**EXERCISE DETAILS**
Here is a listing. Write it all out again exactly, but not its pictures.

**SUPPLIED INFORMATION**

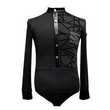 Cheap price Men's Latin Dance Costume Adult New Dance Wear Long Sleeve Modern Dance Dress One-piece Shirt Black Shirt Stage Special Order Now! good quality
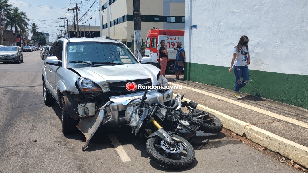 Uma mulher de aproximadamente 30 anos ficou ferida após ser atropelada por um carro na tarde desta segunda-feira (19) no cruzamento da Avenida Pinheiro Machado com Rua José Bonifácio, na região Central de Porto Velho (RO).
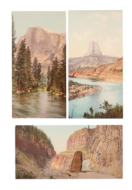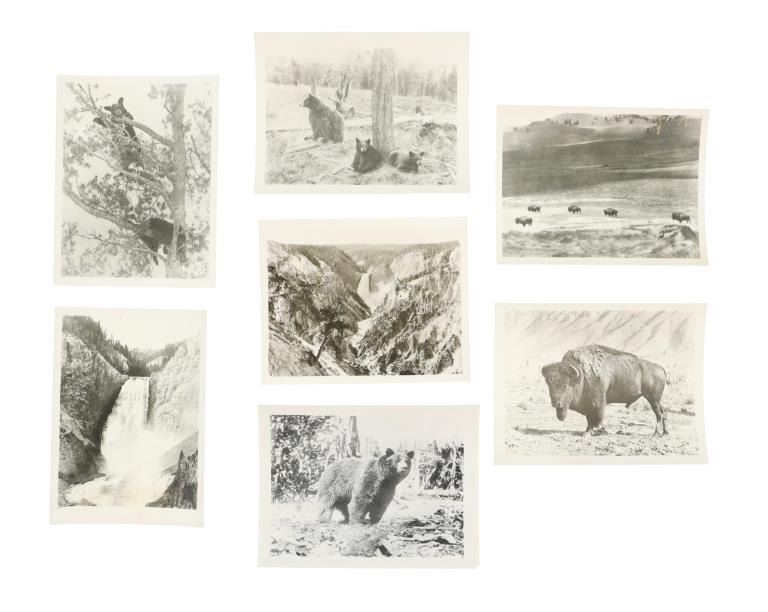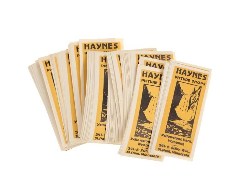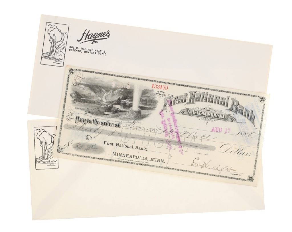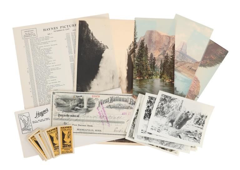 Featured in this lot is this Yellowstone National Park Haynes Collection, circa 1920s to 1968. The first designated national park in the United States, Yellowstone Park has captured the imagination of millions upon millions of people from all over the world. From stunning geologic formations to the thousands of wild animals that call Yellowstone home, Yellowstone was brought to the world's attention through the photographs of early explorers like Frank Jay Haynes. Haynes, known as F. Jay or the Professor to almost all who knew him, was a professional photographer, publisher, and entrepreneur from Minnesota who played a major role in documenting through photographs the settlement and early history of the great Northwest. He became both the official photographer of the Northern Pacific Railway and of Yellowstone National Park as well as operating early transportation concessions in the park. His photographs were widely published in articles, journals, and books, and turned into stereographs and postcards in the late 19th and early 20th century. Included in this collection are a hand coloured photo of the East Entrance, "51334 Golden Gate of Yellowstone National Park", a hand coloured photo of Devil's Tower, "51290 Mato Teepee or Devil's Tower, Wyoming", eight (8) black and white photos with Haynes Inc. stamped descriptions on the reverse, one large format photo of an original Haynes photograph "#10124 Great Fall from Below, 308 Ft., by Haynes, St. Paul", Yellowstone National Park, original "Haynes Picture Shops Yellowstone Park, Wyoming" stickers, a 1937 "Haynes Pictures Numerical List" of photographs, three (3) original unused Haynes Studios Bozeman envelopes, and lastly, a cancelled personal check dated 1888 for the First National Bank of Helena, Montana one year before Montana was granted statehood, the check bears an etched vignette of Yellowstone Park at the top left corner. The condition of this wonderful collection is good overall, no obvious marring noted. Largest item measures 8.5"W x 11"L, smallest is 1.25"W x 2.5"L, combined weight of the collection is U6oz.

**FINAL ANSWER**
 Cheap price Men's Latin Dance Costume Adult New Dance Wear Long Sleeve Modern Dance Dress One-piece Shirt Black Shirt Stage Special Order Now! good quality
 Uma mulher de aproximadamente 30 anos ficou ferida após ser atropelada por um carro na tarde desta segunda-feira (19) no cruzamento da Avenida Pinheiro Machado com Rua José Bonifácio, na região Central de Porto Velho (RO).
 Featured in this lot is this Yellowstone National Park Haynes Collection, circa 1920s to 1968. The first designated national park in the United States, Yellowstone Park has captured the imagination of millions upon millions of people from all over the world. From stunning geologic formations to the thousands of wild animals that call Yellowstone home, Yellowstone was brought to the world's attention through the photographs of early explorers like Frank Jay Haynes. Haynes, known as F. Jay or the Professor to almost all who knew him, was a professional photographer, publisher, and entrepreneur from Minnesota who played a major role in documenting through photographs the settlement and early history of the great Northwest. He became both the official photographer of the Northern Pacific Railway and of Yellowstone National Park as well as operating early transportation concessions in the park. His photographs were widely published in articles, journals, and books, and turned into stereographs and postcards in the late 19th and early 20th century. Included in this collection are a hand coloured photo of the East Entrance, "51334 Golden Gate of Yellowstone National Park", a hand coloured photo of Devil's Tower, "51290 Mato Teepee or Devil's Tower, Wyoming", eight (8) black and white photos with Haynes Inc. stamped descriptions on the reverse, one large format photo of an original Haynes photograph "#10124 Great Fall from Below, 308 Ft., by Haynes, St. Paul", Yellowstone National Park, original "Haynes Picture Shops Yellowstone Park, Wyoming" stickers, a 1937 "Haynes Pictures Numerical List" of photographs, three (3) original unused Haynes Studios Bozeman envelopes, and lastly, a cancelled personal check dated 1888 for the First National Bank of Helena, Montana one year before Montana was granted statehood, the check bears an etched vignette of Yellowstone Park at the top left corner. The condition of this wonderful collection is good overall, no obvious marring noted. Largest item measures 8.5"W x 11"L, smallest is 1.25"W x 2.5"L, combined weight of the collection is U6oz.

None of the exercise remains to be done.